The sheet P stacked on the sheet placing portion 9 is fed between the sheet feed roller 12 and the sheet feed pad 13 by the rotation of the pickup roller 11, and is separated one by one by the rotation of the sheet feed roller 12. After that, the separated sheet P is conveyed to a sheet feed path 14 extending in the vertical direction by the rotation of the sheet feed roller 12, and then one sheet of the sheet is fed between the photosensitive drum 20 and the transfer roller 21 at a predetermined timing. The toner image is transferred to the sheet P to form the image when the sheet P passes between the photosensitive drum 20 and the transfer roller 21.

Continuously, when the sheet P passes between the heating roller 38 and the pressing roller 39, the sheet is heated and pressed by the heating roller 38 and the pressing roller 39. At that time, the image is thermally fixed on the sheet P. After that, the sheet P is conveyed between a pair of discharge rollers 40, and then is discharged onto a discharge tray 41 formed on the top cover 7 by the pair of discharge rollers 40.

In this way, the sheet P is fed from the sheet placing portion 9, and passes through the photosensitive drum 20 and the transfer roller 21. Then, after the sheet P passes between the heating roller 38 and the pressing roller 39, the sheet is conveyed along the conveying path of a substantially C-shape when seen from a side, to be discharged onto the discharge tray 41.

2. Detailed Description of Process Cartridge

The process cartridge 15 has been described heretofore, and as illustrated in FIG. 2, includes the drum cartridge 18 and the developing cartridge 19.

Meanwhile, it should be noted that in the following description of the process cartridge 15 referring to the direction, the side of the process cartridge on which the photosensitive drum 20 is provided is referred to as a rear side of the process cartridge 15, and the side of the process cartridge on which the Scorotron-type charger 22 is provided is referred to as an upper side. That is, the upper-lower and front-rear directions of the process cartridge 15 are defined differently from the upper-lower and frontward-rearward directions of the printer 1. The process cartridge 15 is mounted to the printer 1 so that its front side becomes the front-lower side of the printer 1, and its rear side becomes the rear-upper side of the printer 1.

(1) Drum Cartridge

The drum cartridge 18 includes a drum frame 45.

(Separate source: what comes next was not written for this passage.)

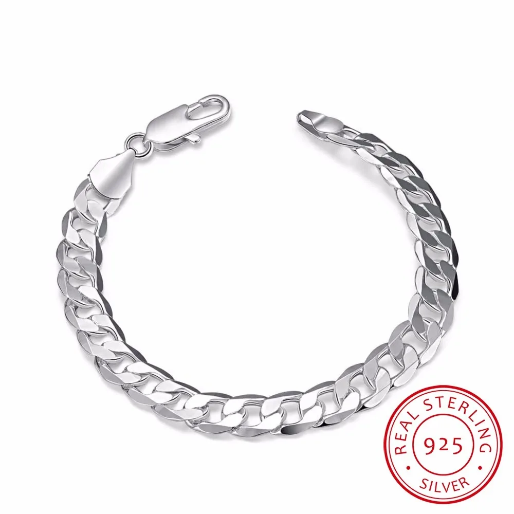 Lekani Men's Fine Jewelry 8 Inch 20cm Bracelet 925 Sterling Silver Fashion Charm 8mm Sideways Flat Chain Bracelets Bangle

The drum frame 45 has a rear section formed as a drum accommodating portion 46, and a front section formed as a cartridge mounting portion 47.

The drum accommodating portion 46 extends in the left/right direction, and is formed in a substantially box shape with its front side opened. The drum accommodating portion 46 has a pair of accommodating portion sidewalls 48 disposed opposite to each other at an interval in the left/right direction. Each of the pair of accommodating portion sidewalls 48 is formed in a shape of a substantially rectangular flat plate when seen from a side.

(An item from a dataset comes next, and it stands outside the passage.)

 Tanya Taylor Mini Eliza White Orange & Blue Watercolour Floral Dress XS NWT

The right accommodating portion sidewall 48 of the pair of accommodating portion sidewalls 48 is embedded with a charger electrode 49. The charger electrode 49 is embedded in a rear-upper end portion of the right accommodating portion sidewall 48 so that it is exposed from the right side.

As illustrated in FIG. 1, the photosensitive drum 20 and the Scorotron-type charger 22 are disposed between the pair of accommodating portion sidewalls 48 of the drum accommodating portion 46.

The photosensitive drum 20 is formed in a substantially cylindrical shape extending in the left/right direction, as illustrated in FIG. 2. Further, the photosensitive drum 20 is supported in a relatively rotating manner, with both left and right end portions being supported by a substantially center portion of the corresponding accommodating portion sidewall 48.

The Scorotron-type charger 22 is formed to extend in the left/right direction, which is not illustrated herein. Further, the Scorotron-type charger 22 is supported by the drum accommodating portion 46, with both left and right end portions being supported by an upper end portion of the corresponding accommodating portion sidewall 48. In this way, the Scorotron-type charger 22 is disposed above and opposite to the photosensitive drum 20 with an interval, as illustrated in FIG. 1. Further, the Scorotron-type charger 22 is electrically connected to the charger electrode 49, which is not illustrated herein.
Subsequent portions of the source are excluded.